START The data
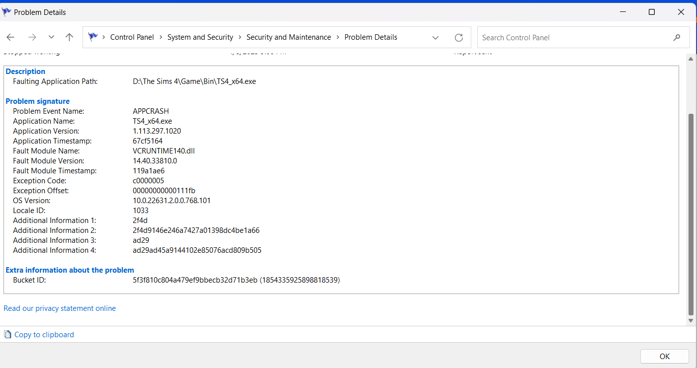 SmallRussianAvo This error points to an issue with the 2015-2022 VC++ runtimes, which Sims 4 uses. But the problem could be mods or custom content rather than the runtimes themselves. Did you remove all mods and all custom content? If not, please try that now.
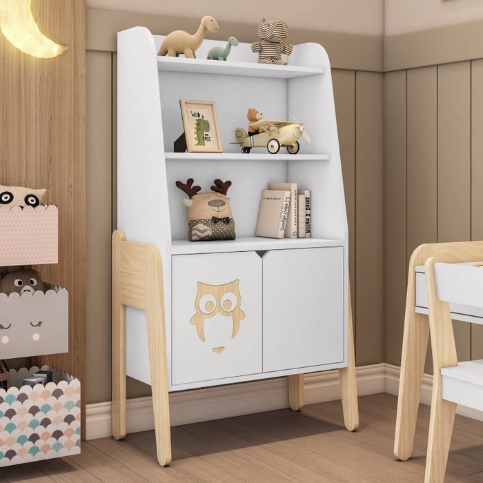 Estante Infantil 3 Prateleiras e 2 Portas Corujinha Casatema MadeiraOriginals
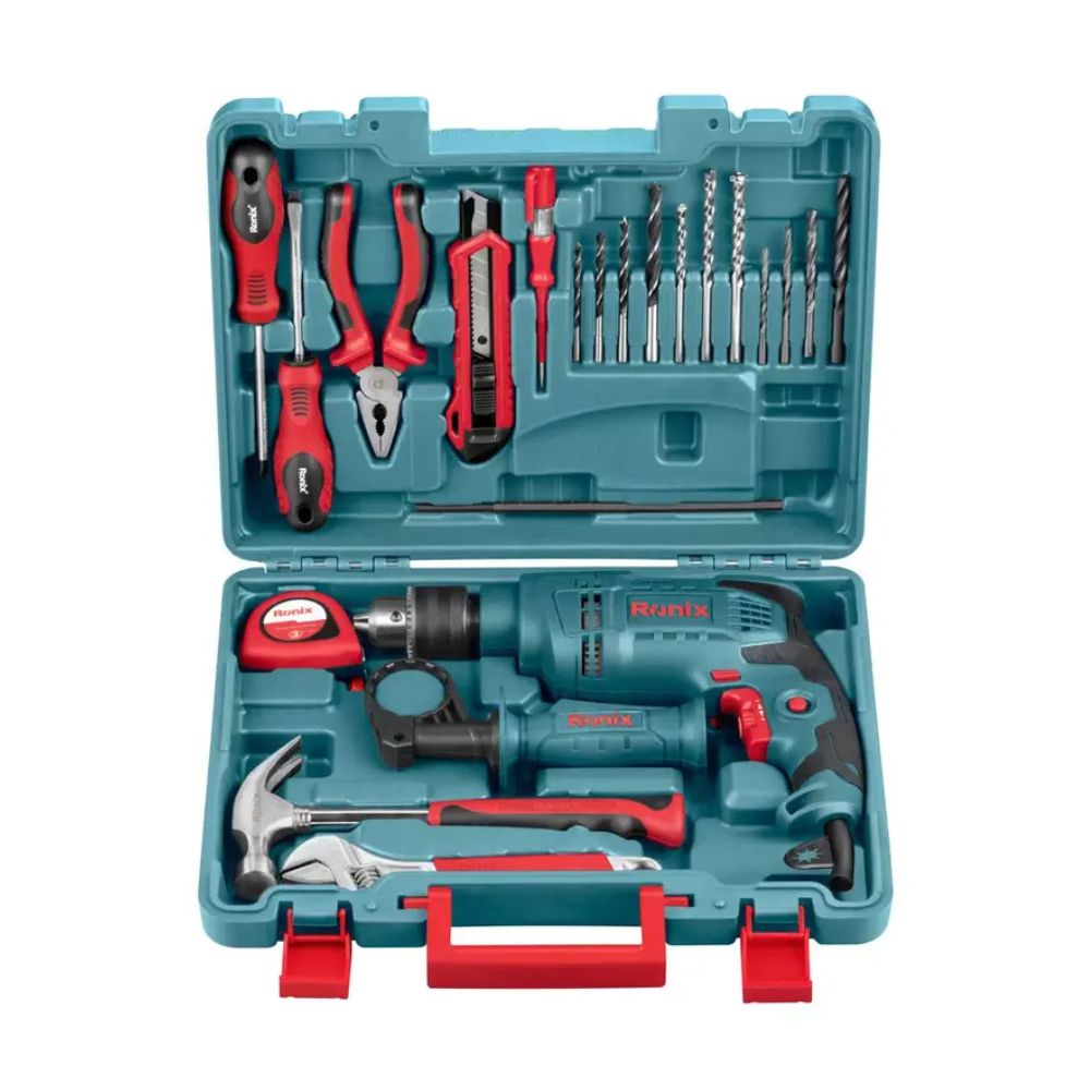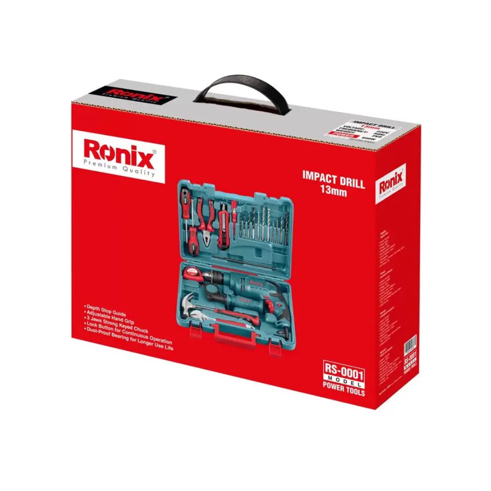 کیت دریل مدل RS-0001 رونیکس، ترکیبی از یک دریل چکشی 650 وات و مجموعهای از ابزارهای دستی و متههای مختلف است. این ست در یک کیف ضدضربه قرار گرفته و برای مصارف خانگی و کارگاهی طراحی شده است.
END The data
## Brief:
Transcribe only the lines from the one holding "Estante Infantil 3" through the last line of the listing above, inclusive, and do not include the pictures.

## Written answer:
 Estante Infantil 3 Prateleiras e 2 Portas Corujinha Casatema MadeiraOriginals
 کیت دریل مدل RS-0001 رونیکس، ترکیبی از یک دریل چکشی 650 وات و مجموعهای از ابزارهای دستی و متههای مختلف است. این ست در یک کیف ضدضربه قرار گرفته و برای مصارف خانگی و کارگاهی طراحی شده است.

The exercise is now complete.